The owners of the Mascot Towers are about to be hit with a million-dollar emergency repairs levy, that is predicted to increase to $5.5 million by the time all the repair works are completed on the troubled towers.
The building was evacuated on Friday night due to serious concerns regarding cracks in the primary support structure and facade masonry.
The building, in the city’s south, was vacated on Friday night after engineers became concerned about cracks in the primary support structure and facade masonry of the 10-year-old building on Bourke Street.
The building is no longer under warranty, which lasts for six years after the construction is completed. Following this, it falls to the owners to cover costs for building repairs.
Minutes from an extraordinary meeting scheduled for owners at Mascot Towers outline immediate costs of $1 million to be raised by the owners in just over six weeks, with a projected cost blowout of $4.1 million.
News.com.au understands that this estimate, put together by a team of engineers, is not complete as it’s not yet been put to tender. Owners have been told the full cost of repairs could reach $5.5 million.
One apartment owner in the building has told news.com.au that their bank has declined a new application for a mortgage because of the state of the towers, and they plan to declare bankruptcy.
The meeting organised by Strata Choice will be held on Thursday night.
The agenda provided to news.com.au details the massive and compulsory costs to be raised by unit owners in the cracking towers, as immediate remedial repairs are set to begin.
A million-dollar strata fee has been set, with a deadline of August 1. That’s just over six weeks from now.
With 122 units at Mascot Towers, each owner faces a bill of $8196 to raise the $1 million needed for urgent repairs.
The special levy is for “slip joint defects, additional costs to emergency propping and engineering”.
The fees will also pay for lawyers, administrative fees, a newly-hired media liaison, and “other costs”.
The levy needs 75 per cent of owners to approve it to go through.
Once these emergency works are completed, the building can be deemed safe and residents should be able to return to their home, according to the agenda.
While the initial cost payable has been labelled $1 million, a quantity surveyor “has estimated the quantum of the works at $4.1 million,” according to the document.
The works detailed include extensive works to the ground, upper ground and first floor slabs, including new joint installation and slab reinstatement.
A panel of experts, including Mascot Towers’ appointed engineer, building management, strata management and committee members, building construction lawyers, NSW Fair Trading and an insurance broker, will take questions from owners on Thursday night.
An apartment owner in the towers has told news.com.au that when he contacted the bank about extending his loan he was denied.
“Because of the current state of the building (I was told) they cannot increase the loan size,” he told news.com.au.
He said the difficult experience is an unprecedented one for the country.
“No one in Australia has had this experience,” he told news.com.au. “We are not the same as the Opal (Tower), we have no warranty.”

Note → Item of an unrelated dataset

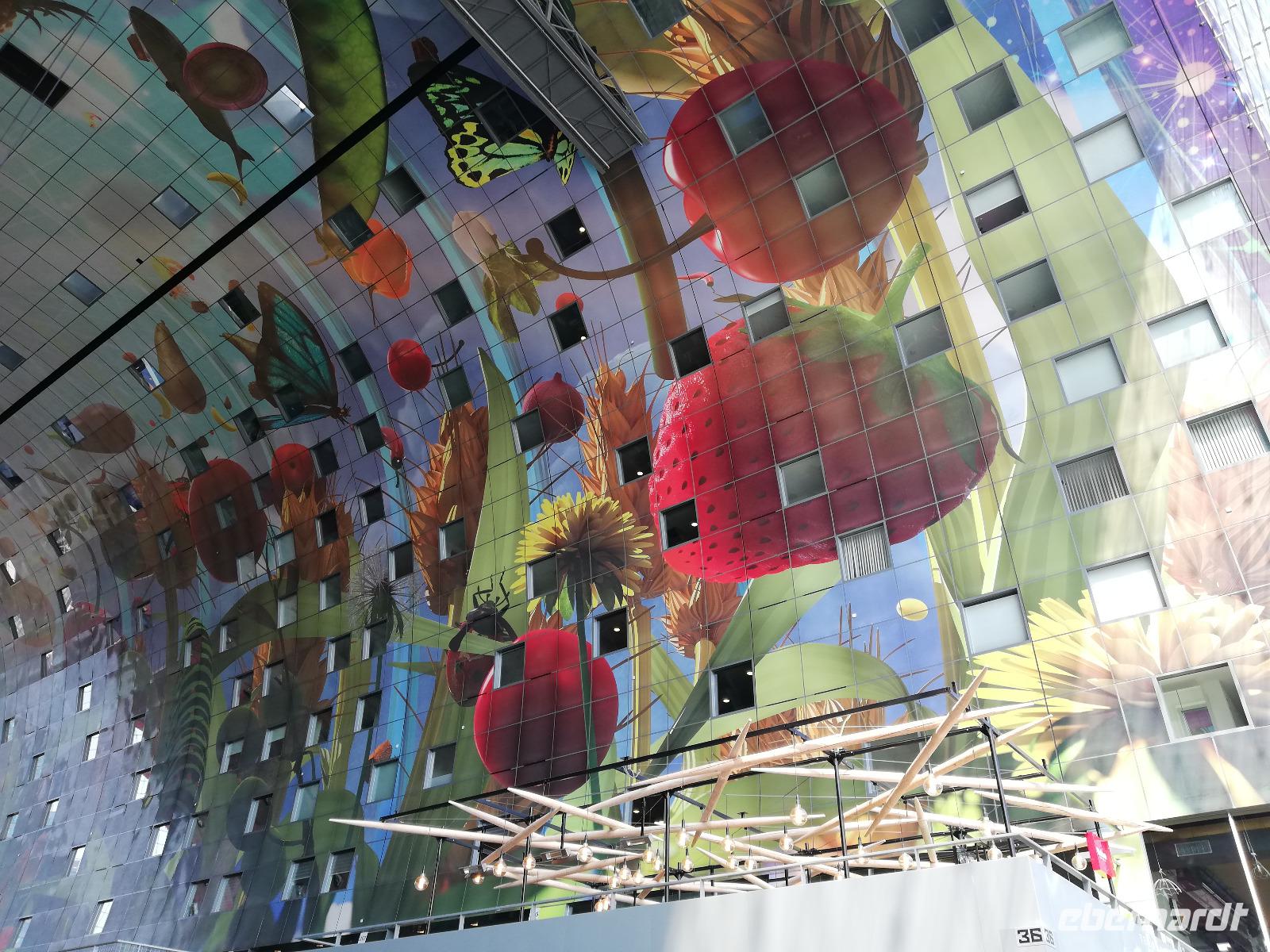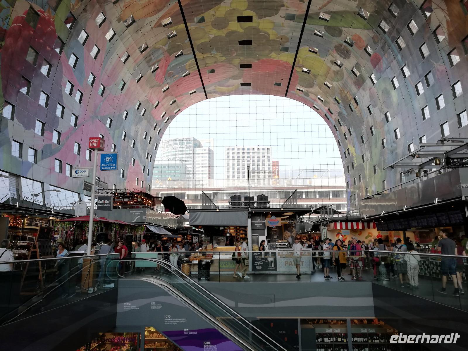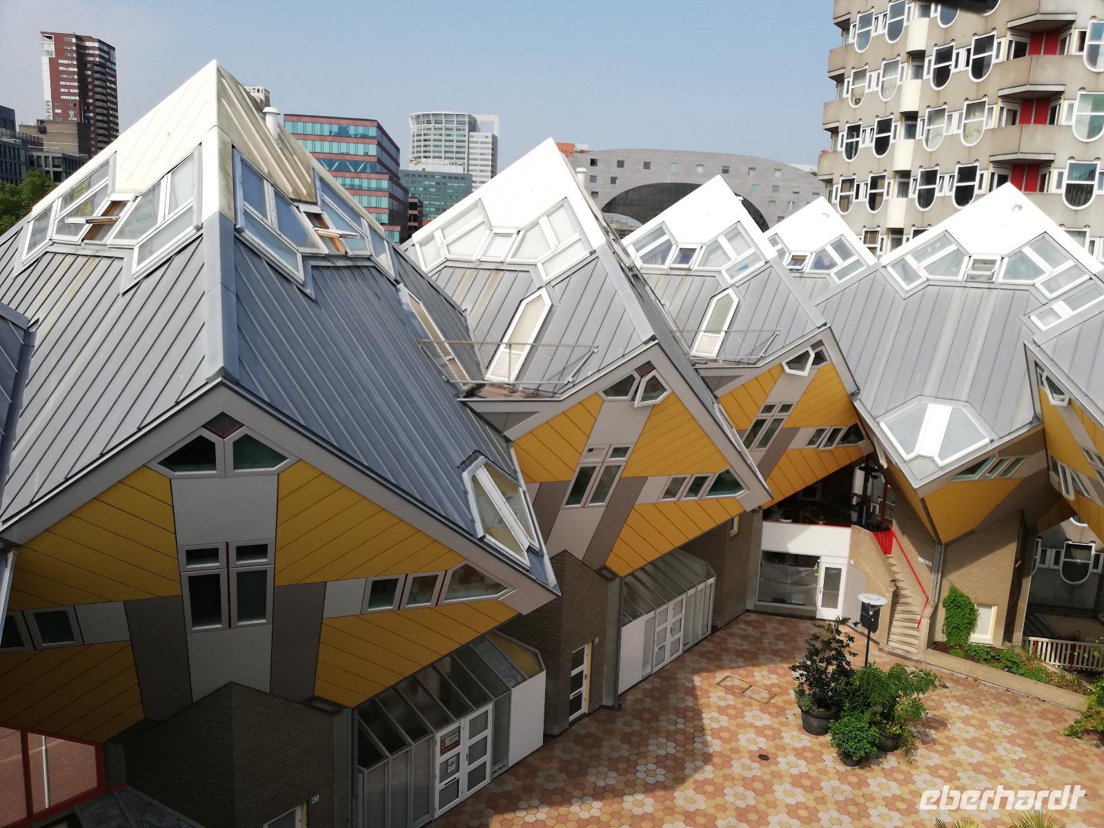 In der Freizeit besichtigten wir die Kubushäuser - eine originelle Siedlung im Stadtteil Blaak von auf jeweils einer Spitze stehenden würfelförmigen Einzelhäusern. Die 1984 von Piet Blom errichteten Häuser werden von den Rotterdammern als Sechskanthäuser bezeichnet. Gleich daneben befindet sich der architektonisch ungewöhnliche Bahnhof Blaak und die Markthalle.

The Opal Tower in Homebush was evacuated on Christmas Eve in 2018 due to cracking of the panelling, after residents reported hearing loud banging. Opal Towers, completed in 2018, fell under manufacturer’s warranty.
The apartment owner from Mascot Towers said after consulting with a lawyer, bankruptcy looked easier than paying an unknowable amount of fees to Mascot Towers’ strata management, while repairs were made.
“When you buy a house, it’s all there. But suddenly it’s all gone. But not only that, I have to go into bankruptcy.”
A resident of the building, who only wanted to be identified as Ms Lim, yesterday told news.com.au she was “shocked” at the lack of information being provided to her, as meetings and information was only being made available to owners in the building.
Since Friday, the locks on the building had been changed, and the building had been barricaded and patrolled by security while her possessions remained inside.
Updates in the days that followed announced about half of the 122 units are considered partly accessible and residents can re-enter briefly to collect personal items under escort from management and security.
Before the evacuation on Friday, Ms Lim had been notified by the building’s manager’s, Building Management Australia, that her car space would be taken for the next 24 months by building props placed in the carpark.
They were told it was “urgent” they move their car within 48 hours, but weren’t informed it was because the building was rapidly deteriorating.
Nine days later, the building was evacuated.
The evacuation has reignited the debate about the integrity of Sydney’s high-density living just months after the Opal Tower, in Homebush Bay, faced a similar structural defect.
Premier Gladys Berejiklian on Monday promised legislation to overhaul the building and construction industry would be introduced to parliament this week with a view of passing by the end of the year.